PhD Candidate Patricia Louie on “Revisiting the Cost of Skin Color: Discrimination, Mastery, and Mental Health among Black Adolescents.”

December 10, 2019 by Jada Charles

Ph.D. Candidate Patricia Louie has published an article in the Journal of Society and Mental Health, entitled "Revisiting the Cost of Skin Color: Discrimination, Mastery, and Mental Health among Black Adolescents.” This study aims to investigate whether there are significant associations between skin tone and depression in a population of black adolescents. In particular, Louie tests the hypothesis that black Americans with very light skin tone have better mental health than their peers with darker skin tone.

Patricia Louie's research investigates racial disparities in mental and physical health. She is interested in how societal conditions produce racial inequities in population health. She currently holds a Joseph-Armand Bombardier Doctoral Scholarship for her comparative research on race, discrimination, and mental/physical health.

We have posted the citation and the abstract of the article below. The full text is available here.

Louie, Patricia. “Revisiting the Cost of Skin Color: Discrimination, Mastery, and Mental Health among Black Adolescents.” Society and Mental Health.
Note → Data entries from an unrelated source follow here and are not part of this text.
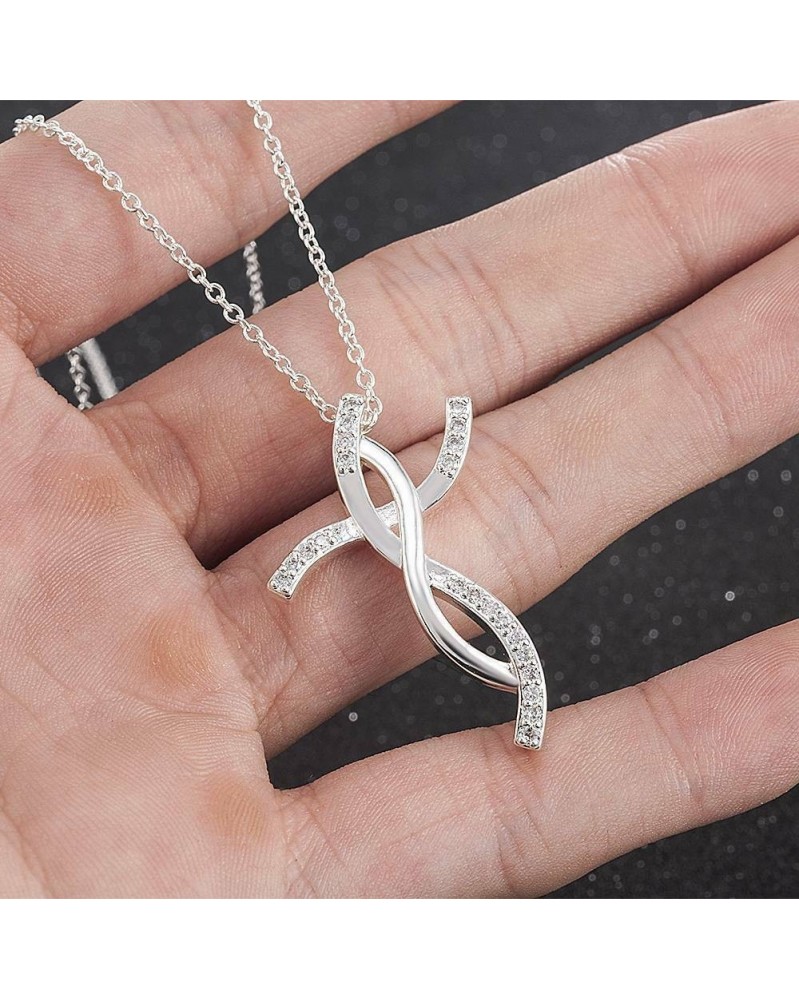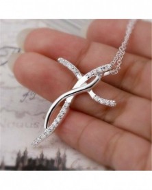 Női 925 ezüst divat varázsa kereszt kristály aranyos nyaklánc esküvői ékszer ajándék
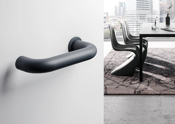 combineert HEWI polyamide en roestvrij staal voor een unieke, individuele pasvorm. Het platte rozet van roestvrij staal omvat een gekleurde inleg van polyamide en is beschikbaar in verschillende PVD-nuances zoals messing, koper, brons, en zwart chroom, wat nieuwe accenten op de deur plaatst.
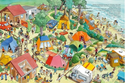 Colorful large-format wimmelbook with detailed illustrations. Together with their favorite characters the child will make a fascinating journey: visit a campsite by the sea, watch a performance in a pirate town, see lions and penguins in the zoo and help Jacob find Connie, who always disappears somewhere! Wimmelbuch - a great training of logic, attention and diligence, as well as the development of imagination and speech. Bright large illustrations with a lot of details will fascinate the child and awaken his curiosity. The book is made of dense cardboard, the pages have rounded corners for the convenience and safety of the little reader.
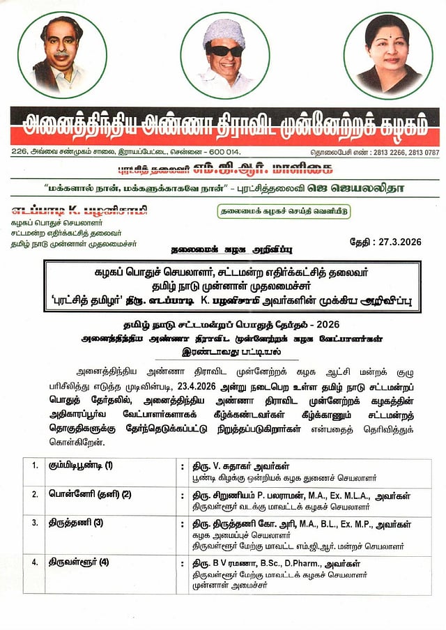 அ.தி.மு.க.வின் 127 வேட்பாளர்களைக் கொண்ட இரண்டாவது வேட்பாளர் பட்டியலை அக்கட்சியின் பொதுச்செயலாளர் பழனிசாமி சற்றுமுன்னர் வெளியிட்டார். இதில், முன்னர் அறிவிக்கப்பட்ட இராயபுரம் தொகுதியைத் தவிர்த்து, சென்னை மாவட்டத் தொகுதிகளின் வேட்பாளர்கள் மட்டும் இடம்பெறவில்லை.

This article investigates the association between skin tone and mental health in a nationally representative sample of black adolescents. The mediating influences of discrimination and mastery in the skin tone–mental health relationship also are considered. Findings indicate that black adolescents with the darkest skin tone have higher levels of depressive symptoms than their lighter skin tone peers. This is not the case for mental disorder. For disorder, a skin tone difference appeared only between black adolescents with very dark skin tone and black adolescents with medium brown skin tone. Discrimination partially mediates the association between skin tone and depression, while mastery fully mediates this association, indicating that the impact of skin tone on depression operates primarily through lower mastery. Similar patterns were observed for disorder. By extending the discussion of skin tone and health to black adolescents and treating skin tone as a set of categories rather than a linear gradient, I provide new insights into the patterning of skin tone and depression/disorder.